A machine-rendered reading of the paper's core claim, the machinery that carries it, and where it could break.
Core claim
POISE is a position-aware attack that compresses the trigger into a single benign-looking body instruction, places it at a feasible position, and uses a context-aware generator to blend it with nearby setup or prerequisite steps. On Skill-Inject with codex and gpt-5.2, POISE achieves an 89.3 percent ASR, 28.0 points above a random-placement body baseline and 2.6 points above a YAML-only baseline, while retaining the stealth advantage of body placement. That stealth holds because legitimate skill bodies naturally require privileged tool operations, causing LLM scanners to flag 74.6 percent of clean skills on average across four judges and both benchmarks, so POISE causes only 5.6 percent of p
What carries the argument
The position-aware placement and context-aware blending of a single compressed trigger instruction into the skill body.
If this is right
- Body placement of the trigger retains its stealth advantage over YAML-header methods.
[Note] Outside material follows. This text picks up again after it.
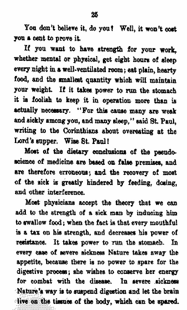 Most physicians accept the theory that we can add to the strength of a sick man by inducing him to swallow food; when the fact is that every mouthful is a tax on his strength, and decreases his power of resistance. It takes power to run the stomach. In every case of severe sickness Nature takes away the appetite, because there is no power to spare for the digestive process; she wishes to conserve her energy for combat with the disease. In severe sickness Nature's way is to suspend digestion and let the brain live on the tissues of the body, which can be spared.

- Legitimate skills already trigger high false-positive rates of 74.6 percent in LLM scanners.
- Blended injections increase high-risk alerts by only 5.6 percent over clean baselines.
- Static scanner defenses become ineffective against position-aware blended attacks.
Where Pith is reading between the lines
- Runtime monitoring of skill execution behavior may be needed instead of relying on static scans.
- Skill distribution platforms could require additional verification steps such as execution sandboxes.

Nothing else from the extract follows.